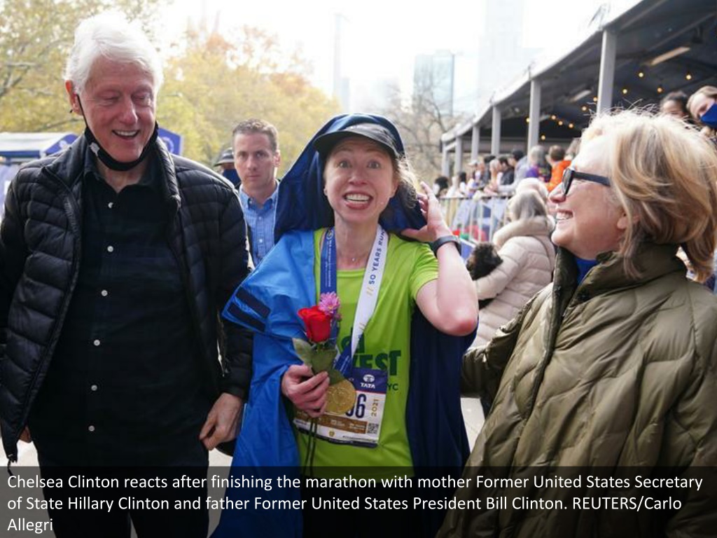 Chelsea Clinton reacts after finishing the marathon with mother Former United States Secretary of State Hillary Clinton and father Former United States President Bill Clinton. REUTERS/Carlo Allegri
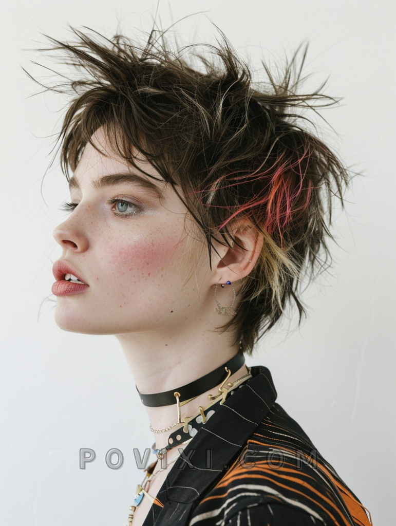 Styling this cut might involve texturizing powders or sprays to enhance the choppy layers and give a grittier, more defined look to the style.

* * *

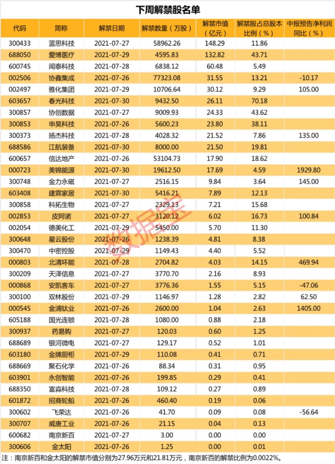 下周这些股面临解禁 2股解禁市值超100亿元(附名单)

→ **TO DO**:
Please repeat the lines of the material above exactly, starting with the line that contains "Chelsea Clinton reacts" and ending with the line that contains "Styling this cut". Leave the pictures out.

→ **WRITTEN SOLUTION**:
 Chelsea Clinton reacts after finishing the marathon with mother Former United States Secretary of State Hillary Clinton and father Former United States President Bill Clinton. REUTERS/Carlo Allegri
 Styling this cut might involve texturizing powders or sprays to enhance the choppy layers and give a grittier, more defined look to the style.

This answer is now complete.